Gede Pasek Tidak Menonjol Di Politik Nasional, PKN Hanya Jadi Pemanis Di 2024

Laporan: Farez
Senin, 01 November 2021 | 15:09 WIB
Ketua Umumm PKN, I Gede Pasek Suardika/Net
Ketua Umumm PKN, I Gede Pasek Suardika/Net

SinPo.id - Kapasitas Gede Pasek sebagai politikus dinilai masih kurang kuat. Untuk itu keputusan mantan Sekjen Hanura I Gede Pasek Suardika, membentuk Partai Kebangkitan Nusantara (PKN) sekaligus menjadi ketuanya dinilai akan menghadapi jalan terjal.

 

 
"Gede Pasek sejak di Demokrat dan di Hanura saya kira tidak berhasil menunjukkan karakter ketokohannya," terang Dedi Direktur Eksekutif Indonesia Political Opinion (IPO), Dedi Kurnia Syah, Senin (1/11).

Dedi menilai prospek PKN ke depan tak bagus-bagus amat, kalau tak bisa dibilang suram.

Faktor ketokohan, kata Dedi sangat penting dalam sebuah partai politik. Karena berkaitan dengan efektivitas lobi-lobi politik dalam mengajak tokoh-tokoh lain untuk bergabung dengan PKN dan membentuk jaringan hingga ke daerah-daerah.

Prosepek suram PKN lainnya, kata Dedi, adalah minimnya sisi logistik.  

Saya melihat membaca struktur di Gede Pasek logistiknya tidak cukup kuat, sangat jauh dibandingkan dengan partai lain," tutur Dedi.

Dari dua faktor itu saja Dedi mengaku bisa menebak bila PKN hanya akan jadi  'pemanis' di Pemilu 2024.

"Kehadiran PKN hanya sebatas wacana, keberadaannya ada, tapi sulit untuk menjangkau banyak ceruk pemilih. Sampai batas minimum pun akan kesulitan," paparnya.

Sementara terkait mantan Ketua Umum Partai Demokrat, Anas Urbaningrum yang ikut berganung, Dedi menilai tak akan memberi dampak signifikan. Dedi malah memperkirakan nama Anas hanya akan jadi beban bagi PKN.

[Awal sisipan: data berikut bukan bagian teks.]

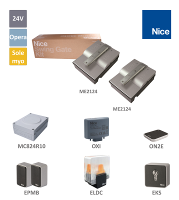 NICE X-METROKit 2124-K - sada podzemních 24V pohonů pro dvoukřídlou bránu, šířka jednoho křídla max. 2,3 m (průjezd 4,6 m). BlueBus technologie.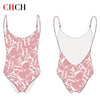 Women's Swimwear CH Letter Pink Triangle One-piece Swimsuit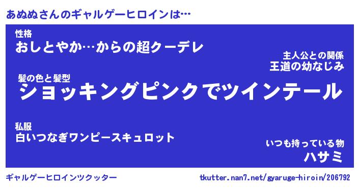 | ファンタジー風あだ名 | 『アヌフェル』『エターナルアヌヌー』 |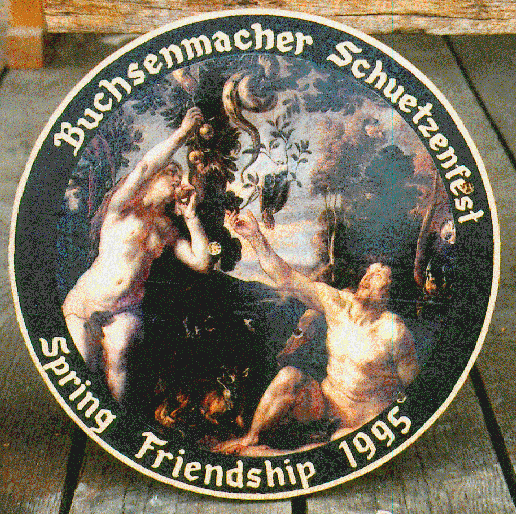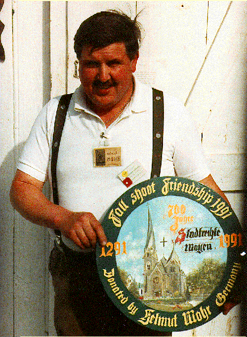 In the fall of 1991 Helmut Mohr donated a painted target to be shot at the National Fall Shoot. This was in honor of the 700th anniversary (yes, you read that correctly, 700 years) of his hometown of Mayen-Hausen, Germany. This was a one-time-only event at the fall shoot, and the same firing procedure was used as for the other painted targets.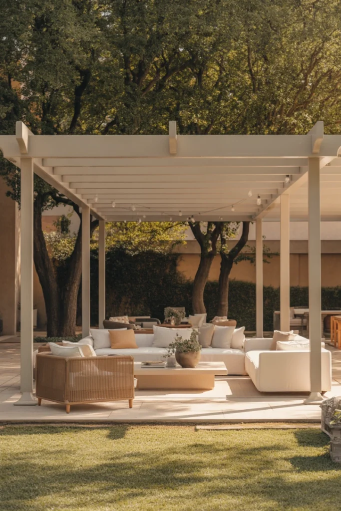 A minimalist pavilion creates a refined outdoor space without unnecessary ornamentation. Neutral color palettes and open layouts help the structure feel light and unobtrusive. This design approach works especially well for outdoor lounges or dining areas, where simplicity enhances comfort and usability. Modern pavilion designs offer a sleek solution for stylish outdoor living.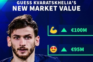 体育资讯6月3日讯 德国转会市场更新社媒动态,预热克瓦拉茨赫利亚身价上涨。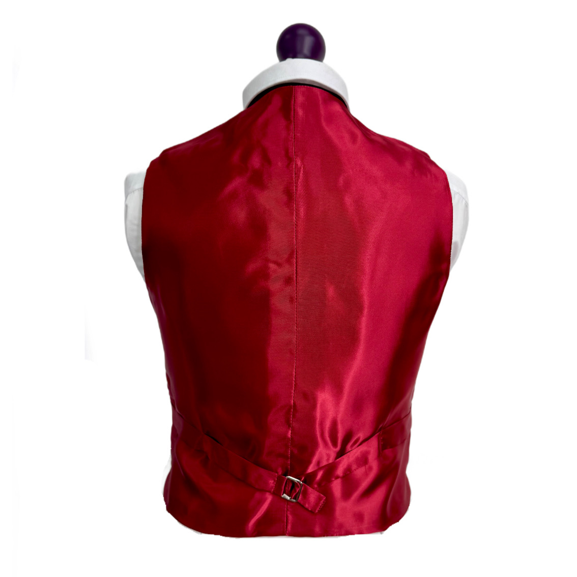 Backed with a bright red satin cloth with adjustable back strap the waistcoat boasts beautiful brass buttons,

"Saya kira tidak, justru akan semakin sulit. Reputasi Anas adalah sebagai koruptor, sudah disanksi dengan ditahan. Kalaupun aktif kembali akan sangat sulit sebagai personal. Anas sangat sulit mengangkat citra dan reputasi dirinya sendiri apalagi memengaruhi parpol baru," ujar Dedi.

"Loyalis Anas juga tidak banyak. Kita bicara dalam skala nasional, kalau skala komunitas atau kelompok orang yang dulu simpatik mungkin banyak, tapi itu dalam konteks yang terbatas. Kalau nasional sulit," demikia Dedi Kurnia Syah.